Spanish politician (1894–1936)

Casimiro Sangenís Bertrán (1894–1936) was a Spanish lawyer, landowner and politician from Catalonia. In the 1910s he sided with the Maurista branch of conservatism. In the 1920s he joined the Primoderiverista structures and was active in Unión Patriotica, serving also in Diputacion Provincial of Lérida in 1924–1929. In the 1930s he approached Traditionalism. His career climaxed in 1933–1936, when as a Carlist deputy he held a mandate to the Cortes. He was also active in provincial Lérida branches of various agricultural organisations and presided over the Lérida structures of Instituto Agricolá Catalan de San Isidro.

==Family and youth==

First knights bearing the name of Sant Genís were recorded in the Catalan city of Balaguer already in 1271, and since then they repeatedly keep appearing in municipal records; a patriotic lawyer Teodoro Sangenís from Balaguer was noted during the Napoleonic period. However, distant paternal ascendants of Casimiro are unknown. The only one identified was his father, Teodoro Sangenís Alós (1845-after 1932). In the mid-1870s he joined the medical corps of the army, as médico segundo served in Cuba, in the mid-1880s returned to the peninsula and in 1889 as médico mayor was posted to Lérida. Having retired in the 1890s, in 1899 he was recorded as metje i propietari. It is not clear whether he inherited or purchased landed property; in 1905 he was member of Junta Directiva of Cámara Agrícola of Lérida and in 1915 served as alcalde of Balaguer. His brothers also held mid-range administrative and juridical positions in the provinces of Lérida and Gerona.
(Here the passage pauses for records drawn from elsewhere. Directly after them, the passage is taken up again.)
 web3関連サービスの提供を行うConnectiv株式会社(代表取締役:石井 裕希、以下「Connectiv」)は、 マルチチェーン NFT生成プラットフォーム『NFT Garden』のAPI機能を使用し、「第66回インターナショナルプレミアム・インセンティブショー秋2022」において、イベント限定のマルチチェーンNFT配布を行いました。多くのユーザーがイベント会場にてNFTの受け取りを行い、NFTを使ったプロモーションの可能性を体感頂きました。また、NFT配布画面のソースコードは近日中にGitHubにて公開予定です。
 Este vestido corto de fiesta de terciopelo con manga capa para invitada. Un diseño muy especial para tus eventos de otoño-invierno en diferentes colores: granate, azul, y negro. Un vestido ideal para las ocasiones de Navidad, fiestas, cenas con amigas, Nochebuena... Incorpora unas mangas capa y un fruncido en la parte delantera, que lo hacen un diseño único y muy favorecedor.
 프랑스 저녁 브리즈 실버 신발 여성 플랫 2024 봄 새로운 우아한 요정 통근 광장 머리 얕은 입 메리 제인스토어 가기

In 1886 in Lérida Teodoro married Teresa Bertrán Viladot (died 1932); her father (and the maternal grandfather of Casimiro) was Casimiro Bertrán Barbé, vice-consul of France in Lérida; a lawyer but also a terratinient, he owned an estate crowned with "bonita torre" at the banks of the Segre. Teodoro and Teresa settled in Lérida; it is not clear how many children they had. There is neither anything known about the schooling years of the young Casimiro, which must have fallen on the early years of the 20th century; the only information available is that he studied law and graduated in the University of Barcelona prior to 1914. In the mid-1910s he was already registered in the local Colegio de Abogados, yet none of the sources consulted claims he has ever practiced as a lawyer. In the late 1910s he was noted rather as "conocido e ilustrado y rico propietario", as apparently he has taken over the family economy.
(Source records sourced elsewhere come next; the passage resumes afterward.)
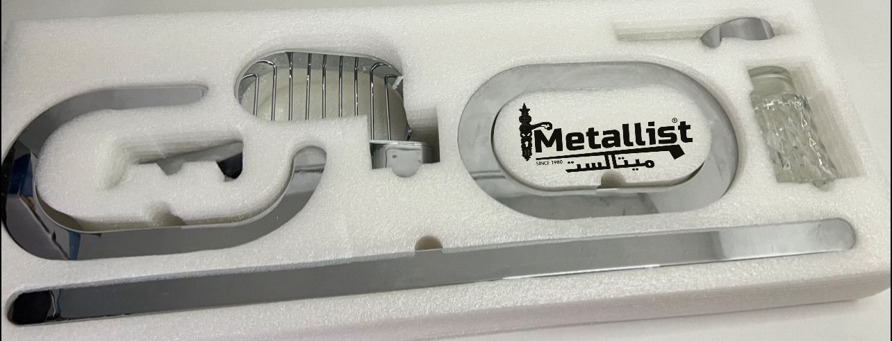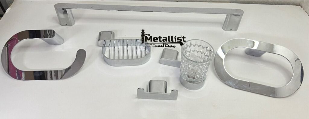 طقم اكسسوار حمام استالس مصنوع من الاستالس المعالج ضدد الصداء مكون من6 قطع -فواطة -شماعه -وراقة -حامل كوب لفرش الاسنان -صبانة سلك -فواطة صغيرة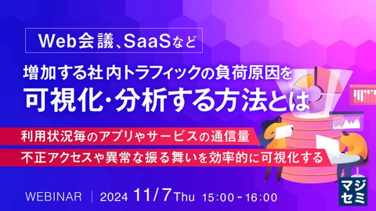 マジセミ株式会社は「【Web会議、SaaSなど】増加する社内トラフィックの負荷原因を可視化・分析する方法とは」というテーマのウェビナーを開催します。
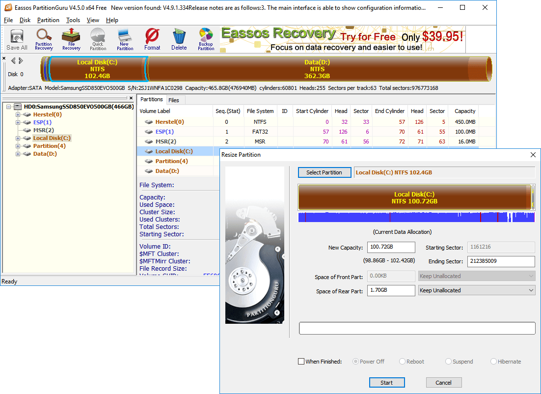 Hoewel PartitionGuru zeer eenvoudig werkt, krijgt het programma toch een hoge moeilijkheidsgraad mee. Het sleutelen aan je schijfindeling is nooit zonder risico. Zorg altijd voor een goede back-up. Laptopgebruikers krijgen het dringende advies om het systeem aan de stroom te hangen. Hiermee voorkom je tussentijdse uitval, want dat kan desastreuse gevolgen hebben als PartitionGuru bijvoorbeeld je partitie verkleint.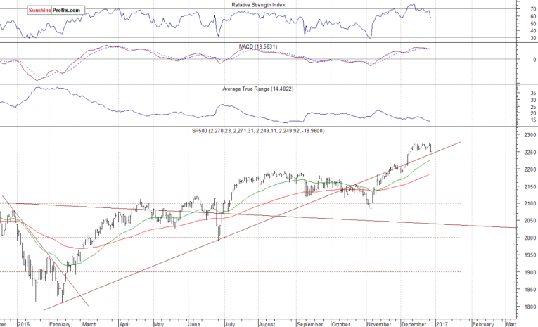 Concluding, the broad stock market broke below its short-term consolidation yesterday, as investors took profits off the table. However, the S&P 500 index remains close to 2,250 mark, while continuing to trade along its medium-term upward trend line. We still can see technical overbought conditions. Therefore, we continue to maintain our speculative short position (opened on December 14 at 2,268.35 - opening price of the S&P 500 index). Stop-loss level is at 2,330 and potential profit target is at 2,150 (S&P 500 index). You can trade S&P 500 index using futures contracts (S&P 500 futures contract - SP, E-mini S&P 500 futures contract - ES) or an ETF like the SPDR S&P 500 ETF - SPY. It is always important to set some exit price level in case some events cause the price to move in the unlikely direction. Having safety measures in place helps limit potential losses while letting the gains grow.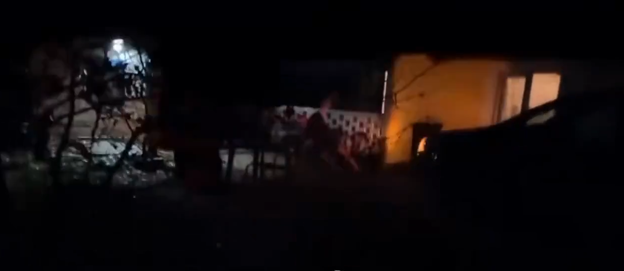 the guy coming out of his home is clearly injured. you can see it in his walk and he is also wearing orthopedic braces.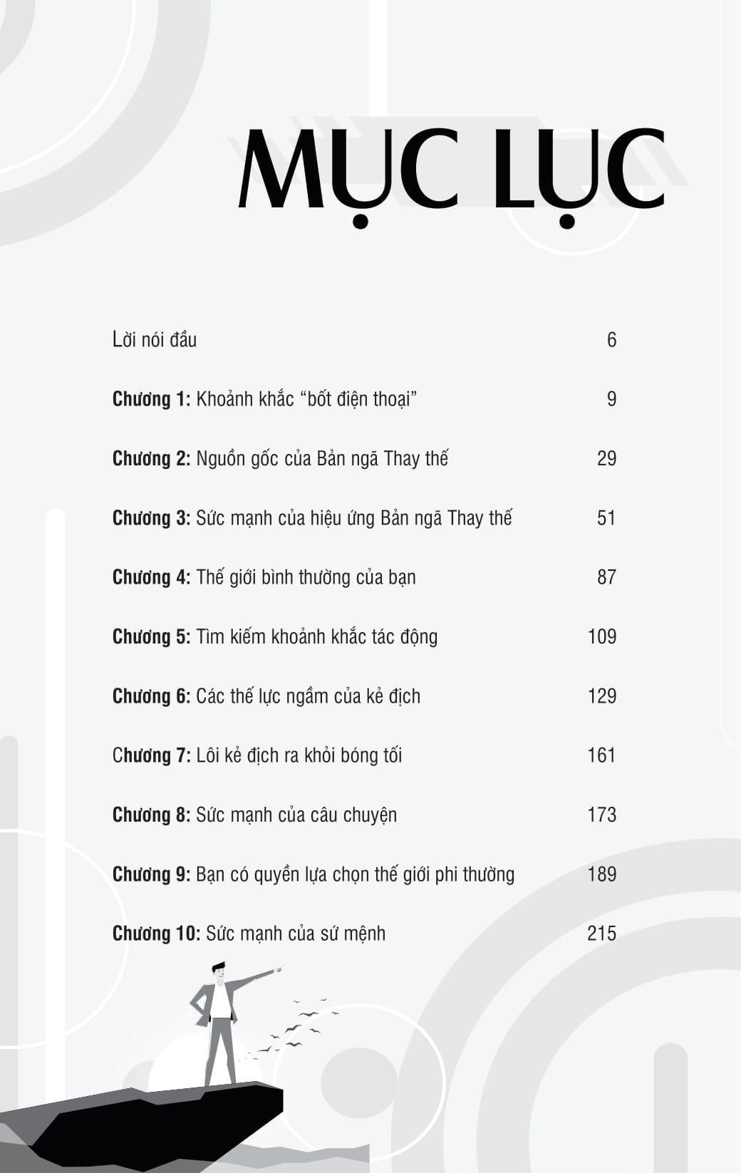 The Alter Ego Effect - Thức Tỉnh Bản Ngã Trong mỗi người đều tồn tại 2 bản ngã: một là “tôi” thường ngày với sự sợ hãi và do dự; và một “tôi” mạnh mẽ hơn, quyết đoán hơn, có khả năng tỏa sáng trong những khoảnh khắc quan trọng. Tuy nhiên, hầu hết chúng ta đều để bản ngã yếu thế kiểm soát. Trongcuốn sách “Thức tỉnh bản ngã”, tác giả Todd Herman - nhà huấn luyện hiệu suất đã đồng hành cùng hàng ngàn vận động viên, CEO và nghệ sĩ - tiết lộ một chiến lược tâm lý độc đáo: tạo ra alter ego (bản ngã thay thế). Đây là phương pháp tâm lý học đã được chứng minh hiệu quả, giúp chúng ta vượt qua sự nghi ngờ bản thân, những suy nghĩ tiêu cực và bất an đang kìm hãm năng lực, qua đó giúp mỗi cá nhân trở thành phiên bản tốt nhất của chính m.ình. Cuốn sách được tổng hợp dựa trên dữ liệu thu thập từ hơn 75.000 chủ doanh nghiệp và những chuyên gia trong các lĩnh vực đã áp dụng chiến lược alter go để chạm tới thành công. Không chỉ là một cuốn sách về tư duy tích cực “Thức tỉnh bản ngã” là một phương pháp thực chiến để bạn khai mở tiềm năng bị chôn giấu, đối diện với áp lực và tỏa sáng trong bất kỳ “sân chơi” nào của cuộc đời - từ công việc, thể thao đến nghệ thuật. Đọc xong cuốn sách này, bạn sẽ có thể:

In 1917 Sangenís married Carmen Corrià Salvadó (in some sources Salvador), a girl from the nearby Artesa de Lleida (died 1981). She was daughter to Josep Corrià Melgoso, also a local landowner and an entrepreneur in the olive oil business. The couple lived in Lérida, managing their landed property scattered also in the province of Barcelona. They had two children, Juan Casimiro and Dolores Sangenís Corrià. Juan, initially a Carlist but later a Falangist, became a high regime official during late Francoism; he served in the Cortes, as alcalde of Lérida and as president of Diputación Provincial. Dolores also made it to high society, as she married José Ma de Porcioles i Colomer, the longtime mayor of Barcelona from the late 1950s till the early 1970s. Their son and the grandson of Casimiro, José María de Porcioles Sangenís, following a career in business and publishing when a retiree is currently recognized and active as an amateur historian of Barcelona.

==Dictatorship==

It is not known what were political preferences of Casimiro's ancestors, though his paternal uncle was associated with Liberalism. Works on caciquismo in Lérida and on Catalan Carlism of the late 19th century do not mention his father, except a brief note on the Sangenis family - unclear whether related - among prestigious Traditionalists in Barcelona. He was first noted in the press himself in 1914, when co-signing a letter which congratulated the government on adopting the neutral position during the Great War. Sometime in the mid-1910s he neared the Conservatives, as in 1919 Sangenis was already referred to as the one "que ha figurado siempre en el partído monárquico conservador". Prior to general elections of this year he was initially rumored to stand on the conservative, anti-Lliga ticket to the Cortes from Lérida, but there is no follow-up known. At the turn of the decades and in the early 1920s if mentioned in newspapers, it was due to his membership in provincial agricultural organizations.

Following the Primo de Rivera coup in 1923 Sangenis engaged in institutions supporting the regime; in 1924 he entered Junta Directiva of Unión Patriótica in Borjas Blancas, and was its representative in Junta Provincial of UP. The same year he was appointed to Diputación Provincial of Lérida, where he represented the district of Lérida - Borjas Blancas. He threw himself into numerous activities: corresponded with Mancomunitat on devolution of powers, entered a commission dedicated to "obras públicas y comunicaciones" and as such supervised road construction works, and was member of Diputación-related charity bodies. In 1926 he became jefe de obras públicas, e.g. working on water supply in the comarca or (referred to in the press as "ingeniero jefe de Obras Públicas") on the road infrastructure. In the mid-1920s he entered Junta Provincial de Enseñanza Industrial and the provincial Cruz Roja. Sangenis a few times visited Minister of Labor in Madrid, yet details of these talks are unknown. In 1927 he represented Lérida in Asamblea de Diputaciones Españolas. In 1929 he rose to vice-president of the Diputación. He remained in Comité Provincial of Unión Patriótica.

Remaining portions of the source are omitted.